Resolves a single prompt. Target is either a local path (./prompts/onboarding.yaml) or a registry coordinate (@<scope>/<name>@<version>#<prompt-id>).

Resource limits: --max-prompts (default 1000), --max-depth (default 50), --http-timeout (default 30s), --timeout (default 5m).

On success, stdout carries the resolved YAML (or a JSON envelope with {root, content, ancestors[]}). On failure, stdout carries a JSON error envelope regardless of --output, and stderr gets a one-line human-readable summary.

publish [path]

Builds and uploads the package at path (default .) to the registry routed by ~/.npmrc.
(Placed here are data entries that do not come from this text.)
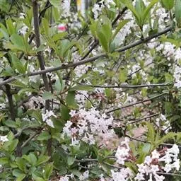 灌木,高约1米;枝及小枝甚粗壮,节间短。叶较小,矩圆状椭圆形,两端楔尖,长2~3厘米,中部以上边缘具钝锯齿,侧脉与小脉不明显。花序极小,直径约1.5厘米。花密生于序轴的第一级分枝上;花冠白色,较短,筒长约5毫米;花药堇紫色。花期5月。
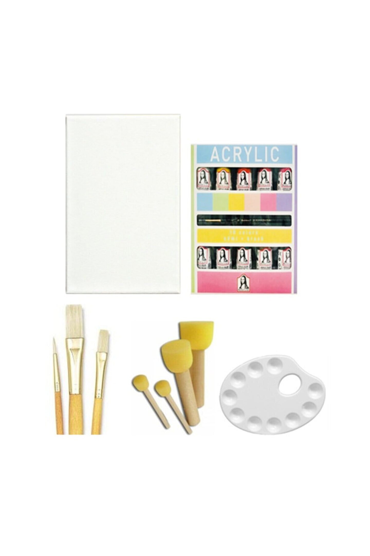 1 adet 35*50 tuval 10 lu 40 ml akrilik boya 1 adet palet 4 lü ponpon fırça 3 lü fırça seti
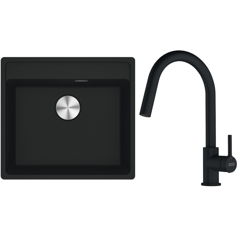 Cenově zvýhodněný set Franke G296MČ obsahuje granitový dřez jednodřez MRG 610-52 RTL Matná černá a baterii s vytahovací koncovkou FC 6051.901 LINA Matná černá.

Before any bytes leave the machine, every prompt listed in package.json is checked for: (1) ancestor cycles, (2) intra-document type conflicts, (3) placeholder resolvability against the fully resolved namespace, (4) dependencies consistency with the cross-package references found in the prompts, (5) manifest closure under relative-path references — every local ancestors entry must resolve to a path that is itself declared in prompts, since only manifest-listed files are bundled, and (6) $schema validation against the prompt's content contract. All errors discovered in the pass are aggregated into a single envelope; the headline exit code is the most severe one (cycle > schema > reference > merge > placeholder).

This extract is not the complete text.